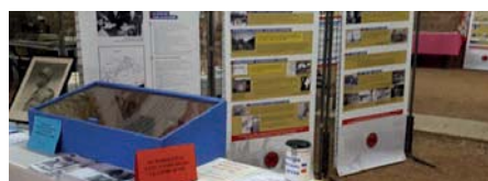
Une partie de l'exposition de la Fondation au château d'Auxonne.

Du 5 au 7 , le Comité a présenté l'exposition Le Général de Lattre et la Première Armée Française au
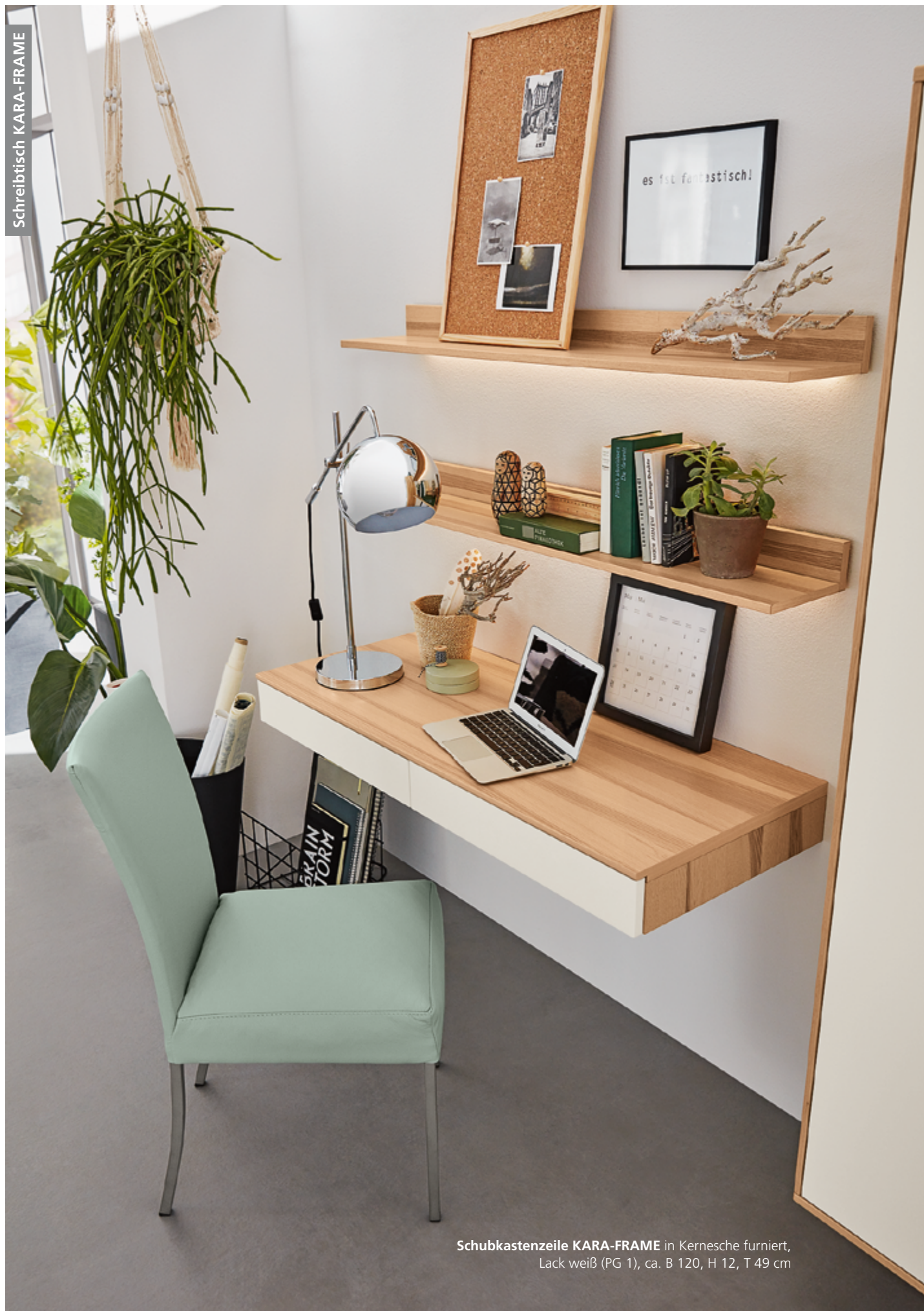
Schubkastenzeile KARA-FRAME in Kernesche furniert, Lack weiß (PG 1), ca. B 120, H 12, T 49 cm
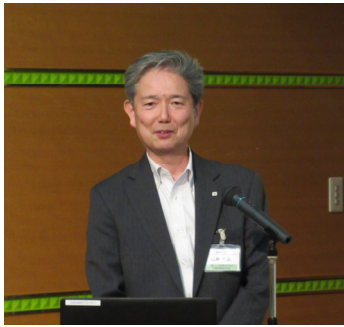
石川、富山で120年 白山支店になります
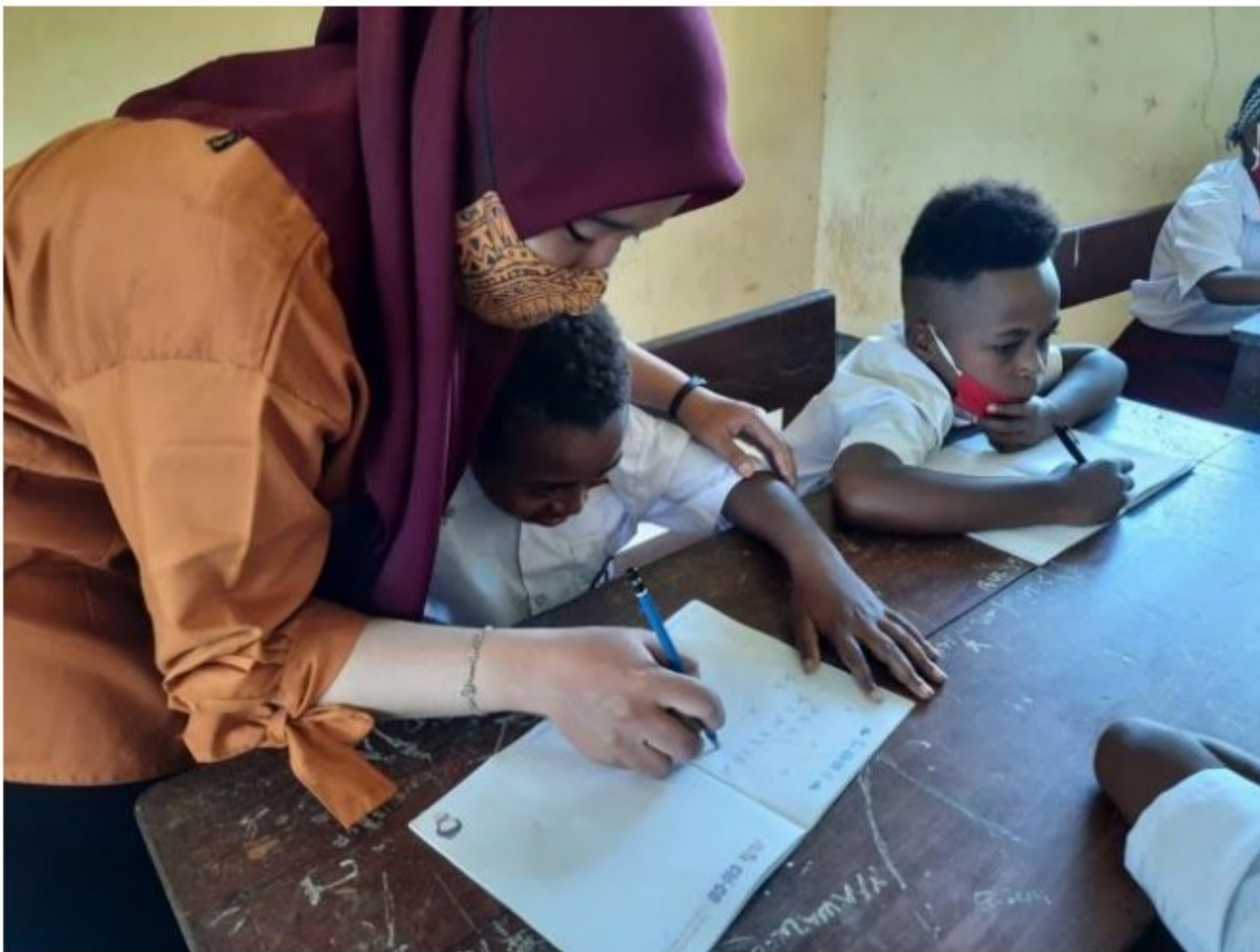
Penampungan pembelajaran peserta didik SD YPK 20 Guweintuy
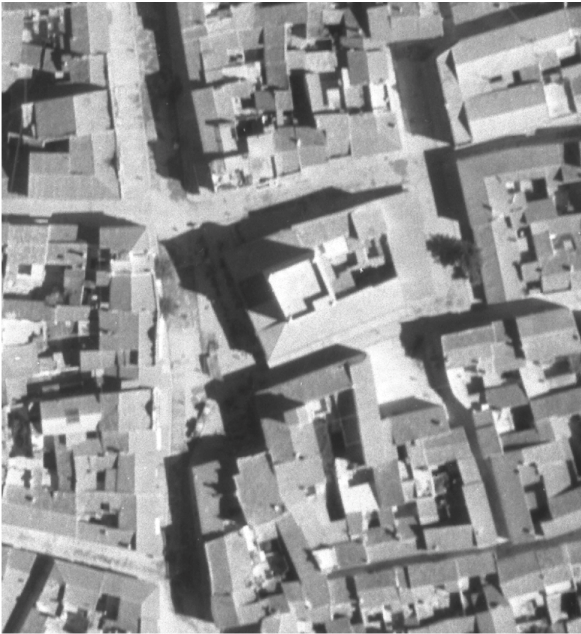
Fotografía aérea de l'entorn de la Torre de Torrent en 1945.
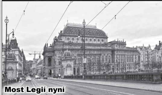
Most Legií nyní
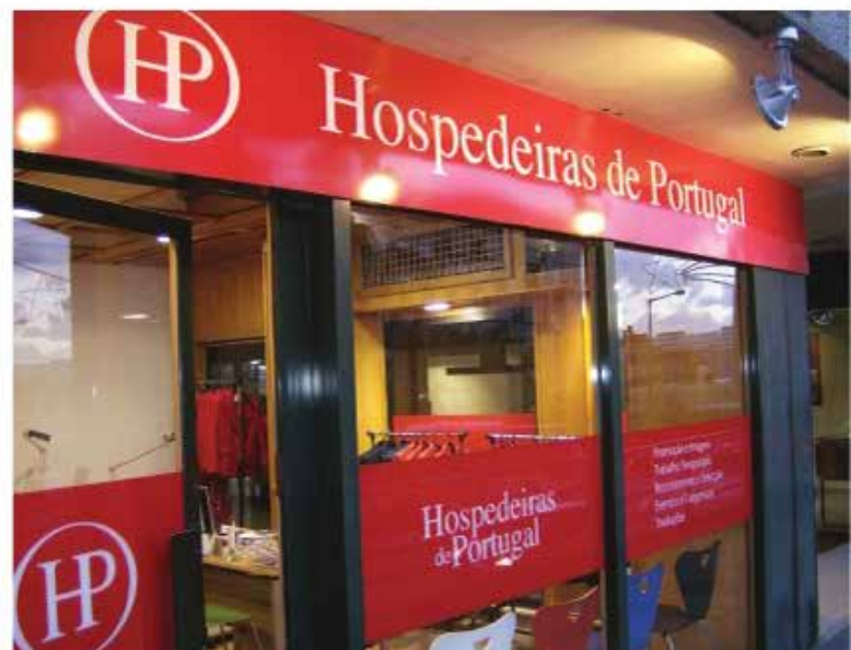
Escritório das Hospedeiras no Porto, na Avenida da Boavista
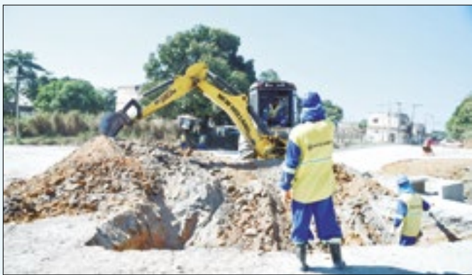
Governo investe mais de R$ 330 milhões no município
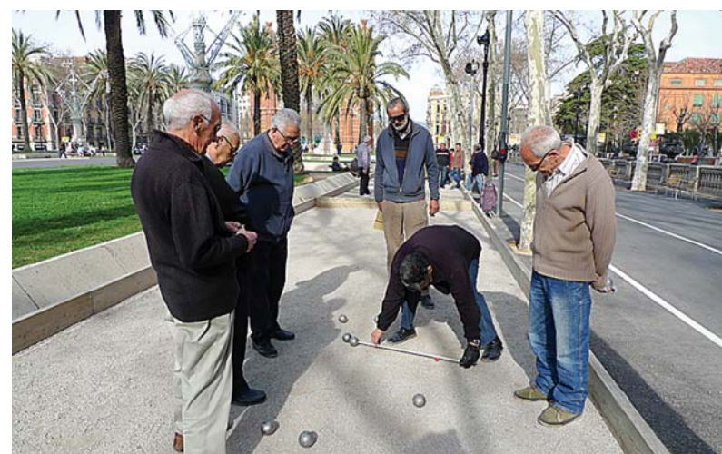
Игроки в петанк на улице.
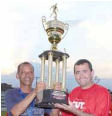
O capitão da Socotherm levanta o troféu de 2º lugar
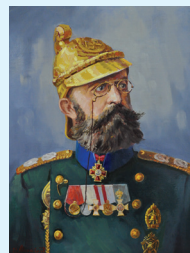
Князь Александр Дмитриевич Львов

ялось фактически единственным в России центром по решению всех проблем, связанных с пожарами. Усилиями совета Общества удалось объединить многих деятелей пожарной охраны для решения насущных вопросов пожарной безопасности. Велика была заслуга Общества в расширении противопожарной пропаганды.
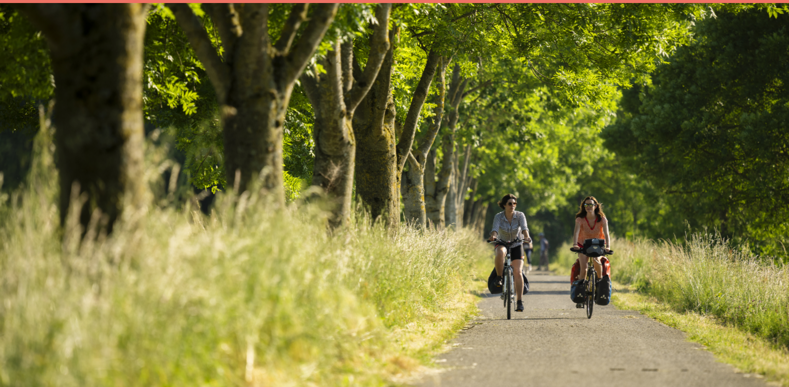
La Vélobuissonnière, Boulevard Nature, Le Mans - Sarthe Tourisme © Pascal Beltrami
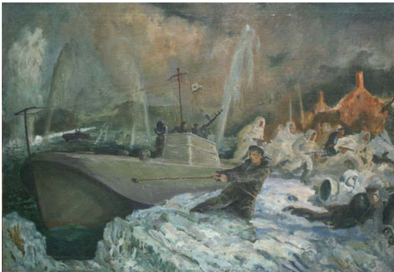
Рис. 4. Андросов К.С. «Подвиг старшины 2-й статьи Северного флота Курбатова», 1944 г. Военно-морской музей имени императора Петра Великого

Художник иллюстрирует героический поступок старшины Курбатова. Ночью 13 октября, преодолев плотный заградительный огонь, катер причалил к берегу. Выскочив из катера, Курбатов не обнаружил ничего, чтобы закрепить швартовочный трос, и тогда он намотал трос на себя, найдя опору, удерживал катер, пока с него не сошел последний десантник. А после этого, раненный в обе руки, сумел отвести поврежденный катер от берега. 5 ноября Георгий Дмитриевич Курбатов был удостоен звания Героя Советского Союза [3].
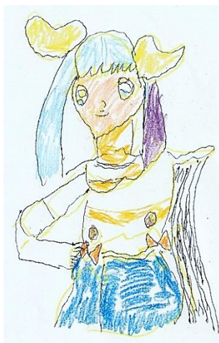
◆キュアスカイ HK プリキュアに行きたい。

◆私の作ったビーズの星が、かわいいヘアアクセサリーになりました。 ここまでかわいくできたのは、想像以上です。作った側としてもこのように利 用してくれて嬉しいです。星が活きた。
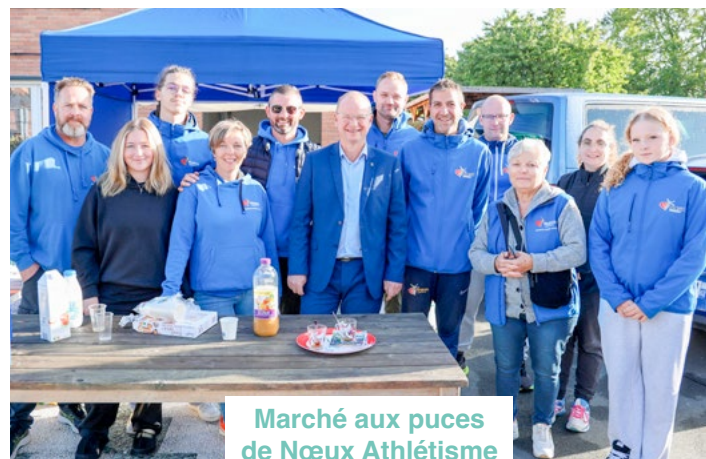
Marché aux puces de Nœux Athlétisme
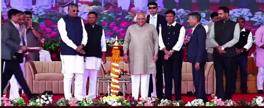
Union Minister Mansukh Mandaviya, Gujarat CM Bhupendra Patel lay foundation stone of cancer hospital in Rajkot

In which state did the Union Health Minister recently lay the foundation stone of 'Khodaldham Trust Cancer' Hospital?
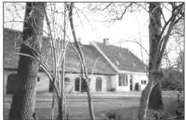
Boerderij de Voorst

Ten aanzien van het openen van de mogelijkheid tot vestiging van winkels in het onderhavige uitbreidingsplan verzoeken wij U hieromtrent contact op te nemen met het Contactorgaan voor de bouw van Middenstandsbedrijfspanen."
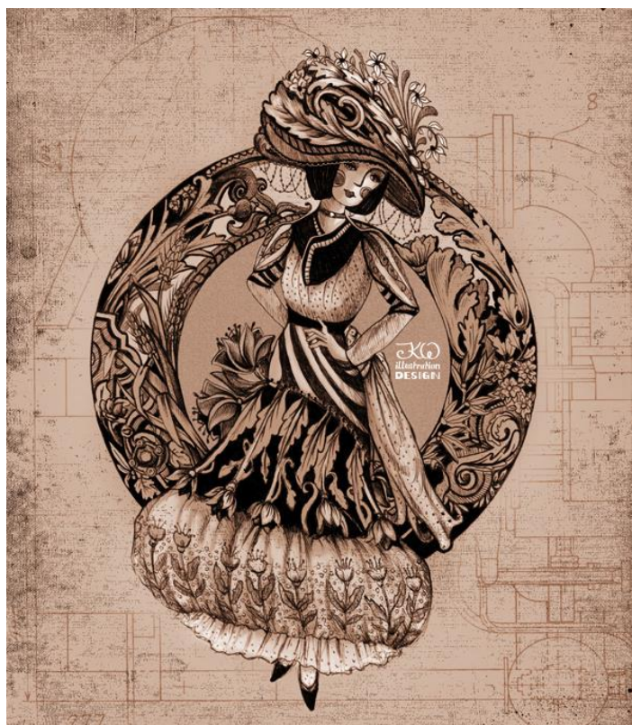
Slika 11. Modna ilustracija u stilu Art Nouveau (n. a.)

Vjerojatno najbolji primjer povezanosti mode i umjetnosti je modna ilustracija, kao vrsta umjetničke forme, odnosno izraza, koja prikazuje idejno rješenje, skicu, modnog dizajnera. Kao takva, modna ilustracija mijenjala se sukladno vremenskom kontekstu kojem je pripadala pa je tako i Art Nouveau utjecao na način prikazivanja i kreiranja modne ilustracije.
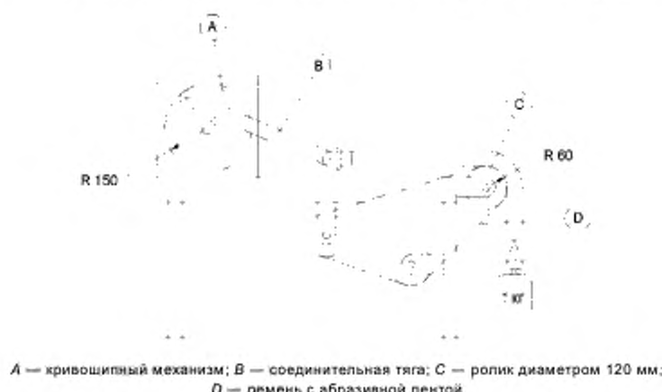
А — кривошипный механизм; В — соединительная тяга; С — ролик диаметром 120 мм; D — ремень с абразивной лентой

Один конец шланга прикрепляют к соединительному стержню кривошипного механизма, изображенного на рисунке 101. Кривошип вращается со скоростью 30 об/мин, в результате чего конец шланга перемещается в горизонтальной плоскости возвратно-поступательно на расстояние 300 мм.
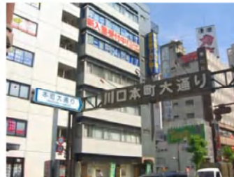
キャストイを左に見ながら、「川口本町大通り」に入ります。
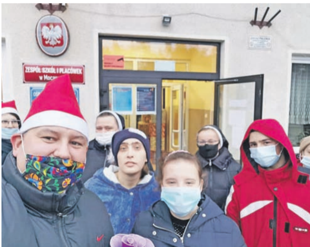
Tak wyglądał ubiegłoroczny finał Mikołajkowej Zbiórki dla Mocarzy z Mocarzewa.

================

§ Work item
Every picture stays out; reproduce exactly the lines from the one with "Один конец шланга" through the last line of the data above.

§ Answer for this exercise
Один конец шланга прикрепляют к соединительному стержню кривошипного механизма, изображенного на рисунке 101. Кривошип вращается со скоростью 30 об/мин, в результате чего конец шланга перемещается в горизонтальной плоскости возвратно-поступательно на расстояние 300 мм.
キャストイを左に見ながら、「川口本町大通り」に入ります。
Tak wyglądał ubiegłoroczny finał Mikołajkowej Zbiórki dla Mocarzy z Mocarzewa.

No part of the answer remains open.